This project involved working with the parcel delivery company [Name not mentioned for privacy reasons] to understand the primary causes of unfulfilled ride requests and develop solutions to optimise driver locations. By leveraging causal inference techniques, I helped identify factors that increase the fraction of completed orders. Since drivers are paid based on the number of requests they accept, this solution directly impacts both client satisfaction and business growth.
The project focused on estimating causal effects of specific variables (treatments) on outcomes of interest, particularly analysing how driver proximity and location recommendations influence request fulfilment rates.
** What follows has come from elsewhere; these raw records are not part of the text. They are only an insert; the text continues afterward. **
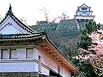 生駒親正が高松城の支城として1597(慶長2)年に築城。三層の天守閣、大手一ノ門、御殿表門が現存する。石垣は、日本一の高さを誇る四段階で、曲線が美くしく、三重三層の天守閣(国重文)を引き立てている。標高66mの亀山にあり、城下町・丸亀の風景には欠かせない存在。
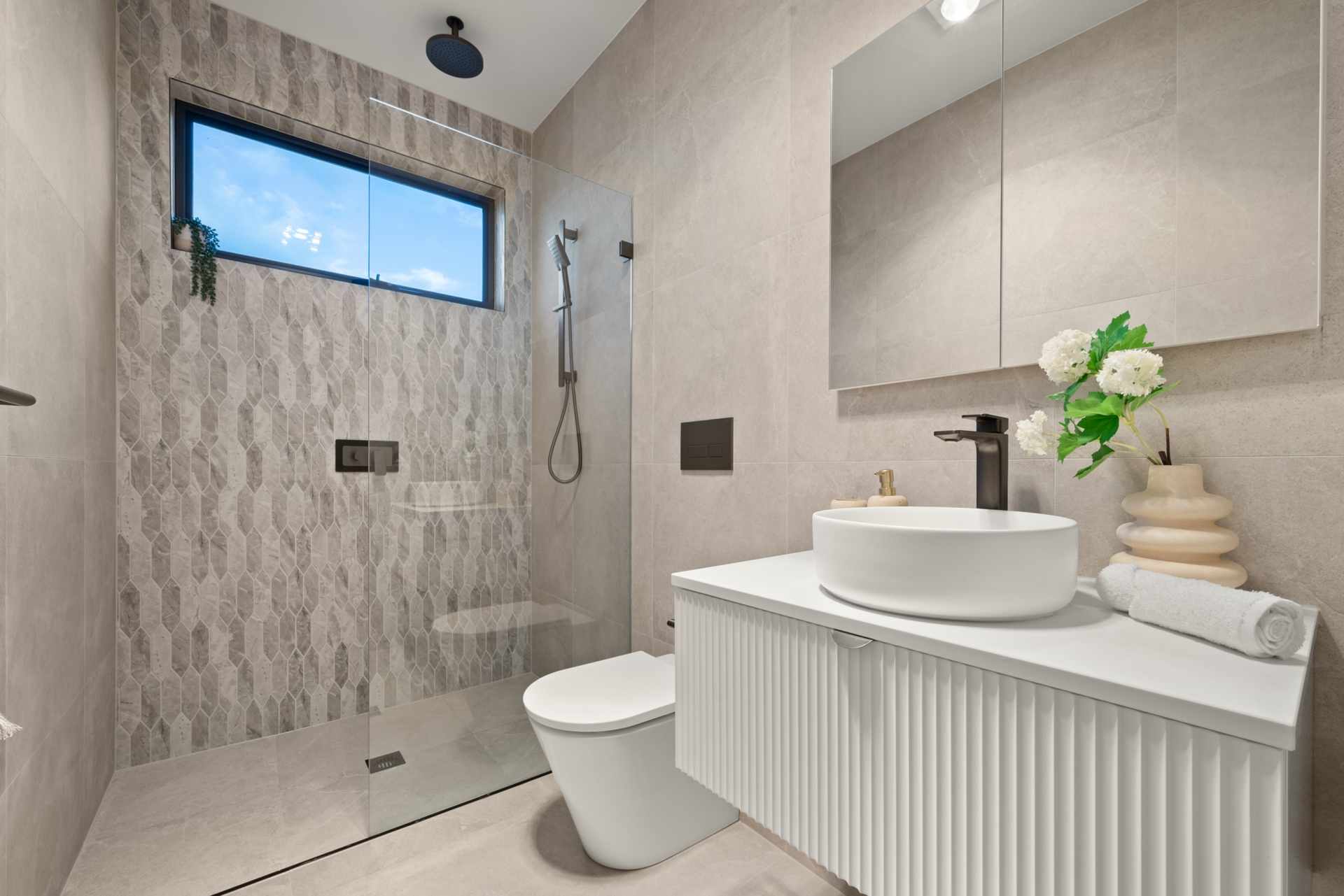 Additional features include ducted reverse-cycle heating and cooling (two zones), floor-to-ceiling tiled bathrooms, a feature 2340mm front door with electric smart lock, three-phase electric hot water, LED lighting throughout, individual meters, lockable street-access gates and individual bins - ensuring both luxury and independence.
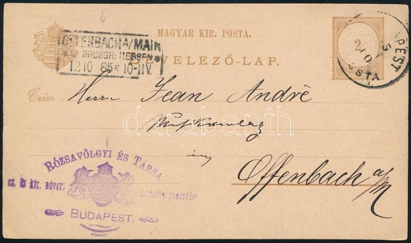 1885 Rózsavölgyi és Társa pecsétjével ellátott levelezőlap https://www.darabanth.com/de/393-Fernauktion/393.0/Kunst-Dokumente-andere-Sammelgebiete/Dokument~500034/1885-Rozsavolgyi-es-Tarsa-pecsetjevel-ellatott-levelezolap~II2378277
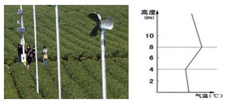 25、浙江省山地丘陵广布,适宜茶树的生长,但春季易受霜冻天气影响。为此,当地茶园 引进了“防霜冻风扇”(如左图)。当夜晚温度降到4℃时,风扇会自动打开,从而减轻 霜冻对茶树的伤害。右图“为茶园某时气温垂直分布示意图”。读图回答下面小题。
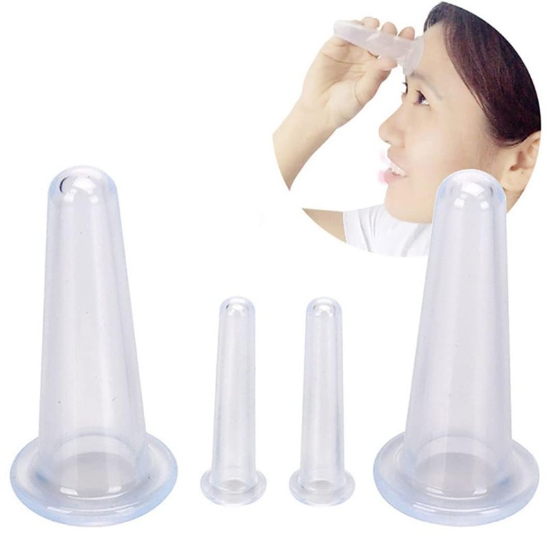 4Pcs Transparent Massage Cupping Set Facial Set for Face Silicone Mini Facial Face Helper Skin Care Neck Back Eyes Cupping Cups to Use, Don't Worry About Burns Health Products,Tools Back Massagers
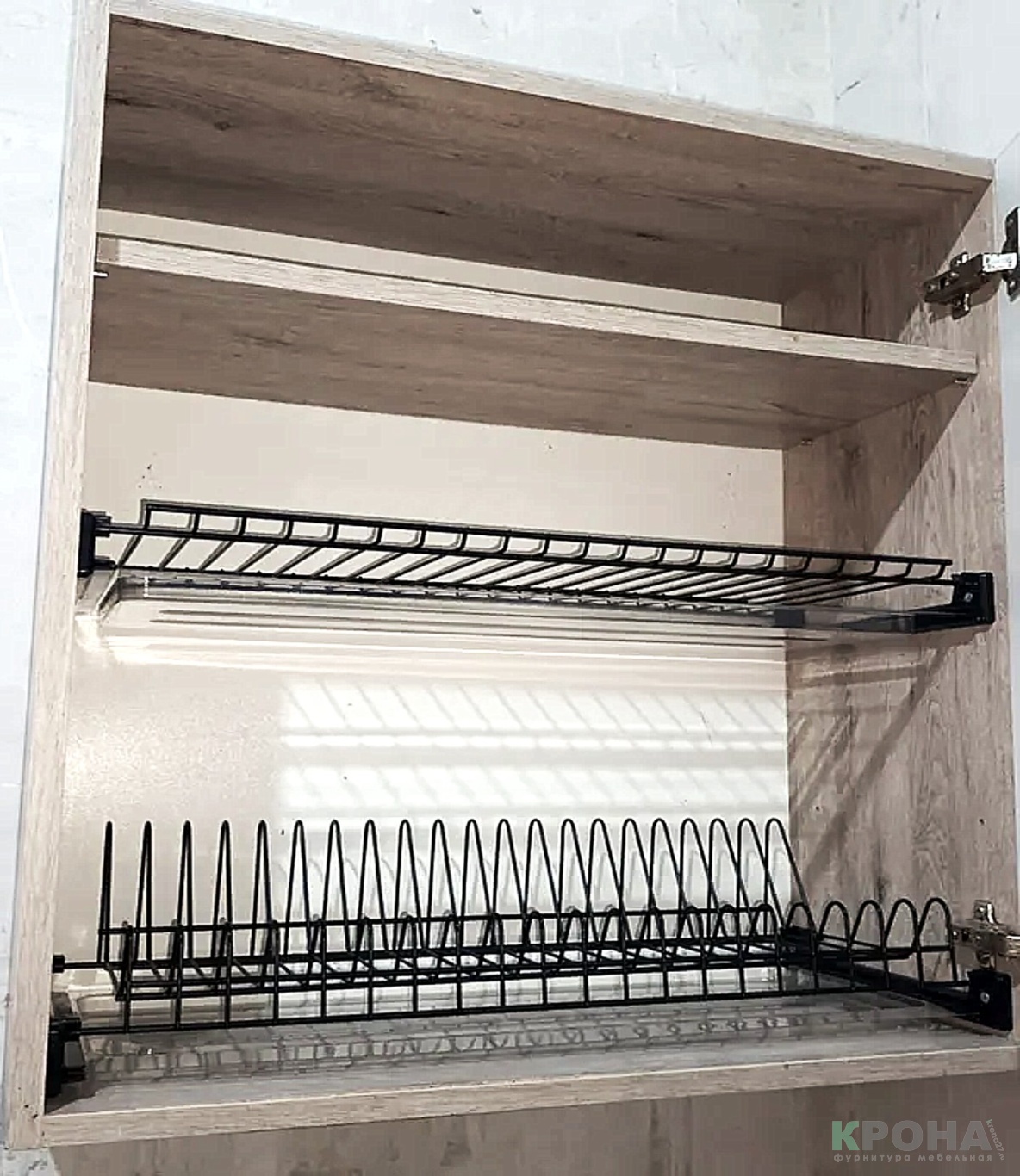 Черное матовое износостойкое покрытие (сталь с антикоррозионным покрытием «ЧЕРНЫЙ матовый»). Сушка без рамки предназначена для установки в кухонные модули.
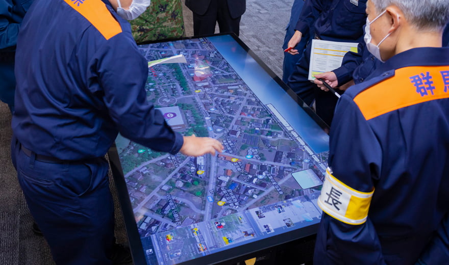 その他、模擬訓練として月1回ほど、実際に「ELMO DXテーブル」上の地 図に線を描いたりと、操作に慣れるための訓練を実施。日常業務の会議 でもシステムを積極的に活用し、本番で慌てずに使用できるように訓練を積み重ねている。
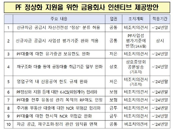 금융투자업권엔 PF-ABCP(자산유동화기업어음) 보증의 PF 대출 전환에 대한 위험 값을 완화하고, 종합금융투자업권엔 주거용 PF 대출의 순자본비율(NCR) 위험 값을 완화해 주기로 했다.
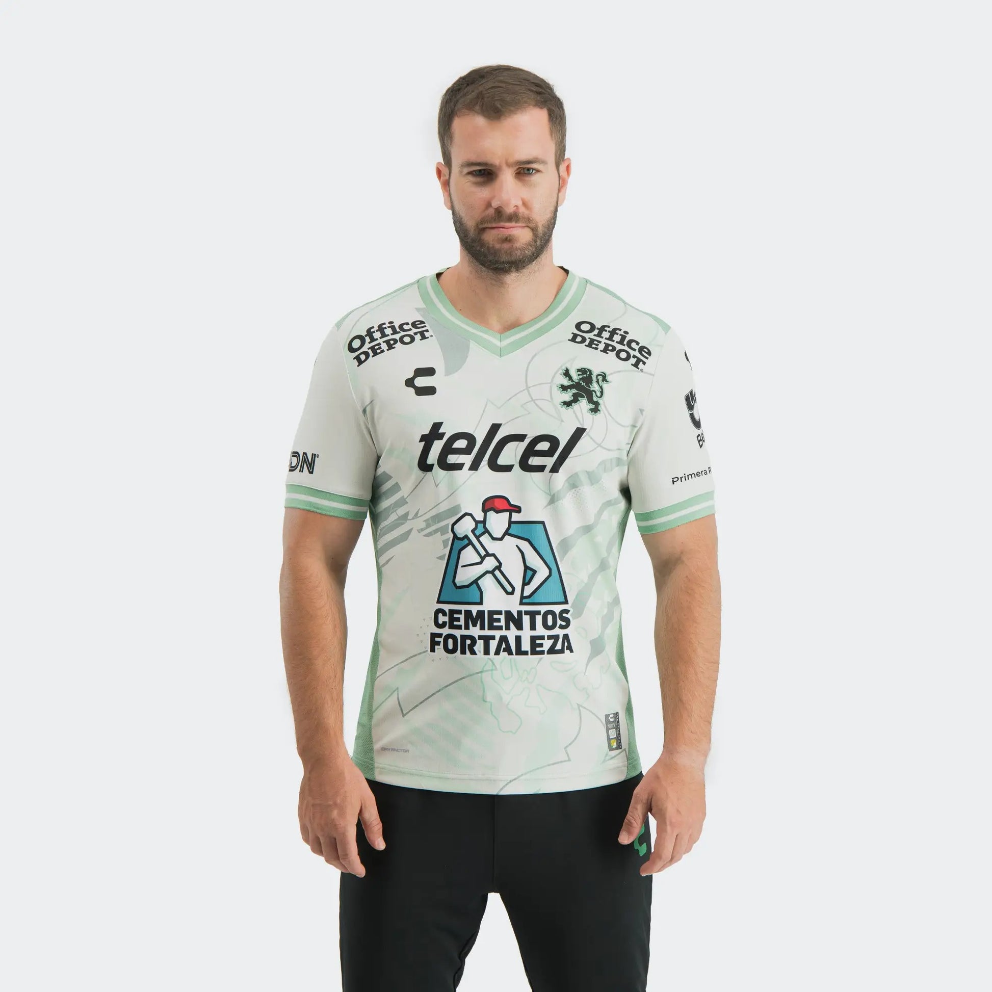 Take your passion for the Esmeraldas everywhere with the León Away Jersey for Men 25-26, a unique piece that pays homage to the club's fierce spirit and connection to the lion as a symbol of power. This innovative design in light green tones incorporates paws, claws and elements inspired by the lion's natural habitat, fusing identity, strength and style in one garment. It features a V-neck and classic ribbed sleeves in green with a gray stripe, details that add a sporty and elegant finish. The team's crest stands out for its exclusive design, featuring an extraction of the lion from the coat of arms, made of woven silicone, which provides texture, durability and a distinctive touch that a true fan will appreciate. It is made of 100% soft touch polyester, ideal for prolonged use thanks to its resistance and comfort provided by its regular fit. In addition, it includes mesh panels on the shoulders and sides, along with textured fabric, which together improve breathability, keeping you cool in every workout or intense day. It incorporates DRY FACTOR technology, which will keep you dry for longer, ensuring extra freshness thanks to its specialized moisture transfer fabrics. UV Block technology offers protection against ultraviolet rays, ideal for training or outdoor matches, while Nano Guard fights bacteria that cause unexpected odors, ensuring freshness for longer. The León Away Jersey for Men 25-26 is the perfect choice for those who live soccer with their heart.
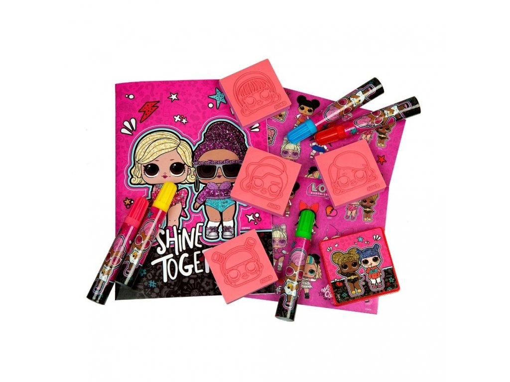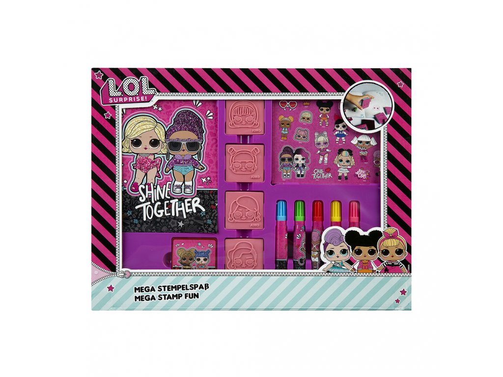 A szórakoztató LOL Surprise bélyegkészlet négy nagy bélyegzőt, egy tintapárnát, öt markert, egy matricalapot és egy kifestőkönyvet tartalmaz.
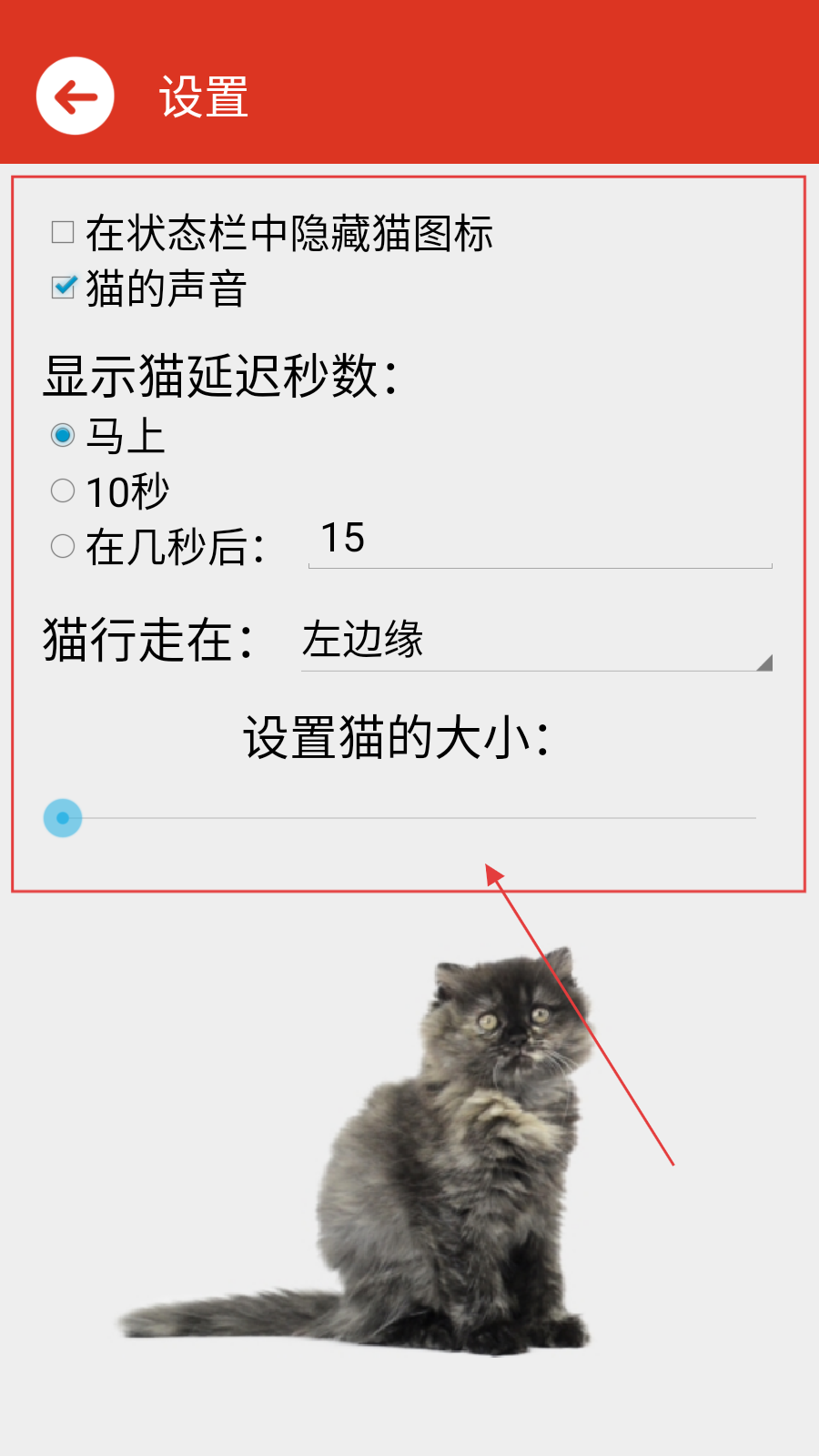 2、在设置界面中,找到【设置猫的大小】选项,通过滑动滑块来调整猫的大小,还可设置猫图标隐藏、声音、延迟显示秒数及行走位置等。
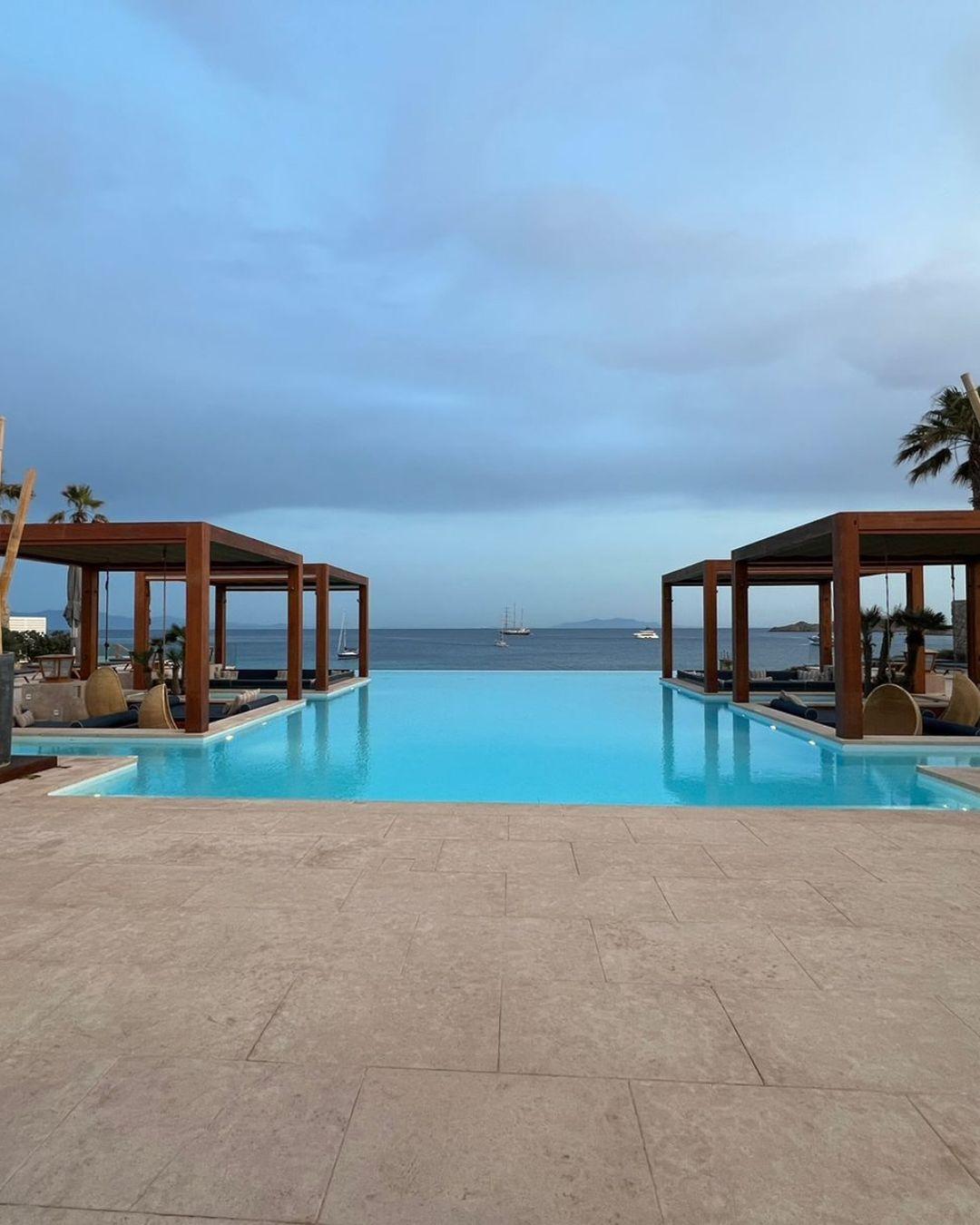Από το κάρουζελ των φωτογραφιών της δεν έλειψαν και τα στιγμιότυπα στα οποία δείχνει τη θέα από το αεροπλάνο, πριν προσγειωθεί στη Μύκονο, από την παραλία και την πισίνα του ξενοδοχείου.

A variable, X, can be said to cause another variable Y, if when all confounders are adjusted, an intervention in X results in a change in Y, but an intervention in Y does not necessarily result in a change in X. This is in contrast to correlations, which are inherently symmetric; i.e. if X correlates with Y, Y correlates with X, while if X causes Y, Y may not cause X.
In summary, X causes Y if when all confounders are adjusted, an intervention in X results in a change in Y, but an intervention in Y doesn't change X.
1. Causality is represented mathematically via Structural Causal Models (SCMs). The two key elements of SCMs are a graph and a set of equations. More specifically, the graph is a directed acyclic graph (DAG), and the set of equations is a structural equation model (SEM).
DAGs are graphs that provide visual representations of causal relationships among a set of variables. These causal relationships are either known to be true or, more commonly, are only assumed to be true. Each arrow in a DAG represents a causal relationship.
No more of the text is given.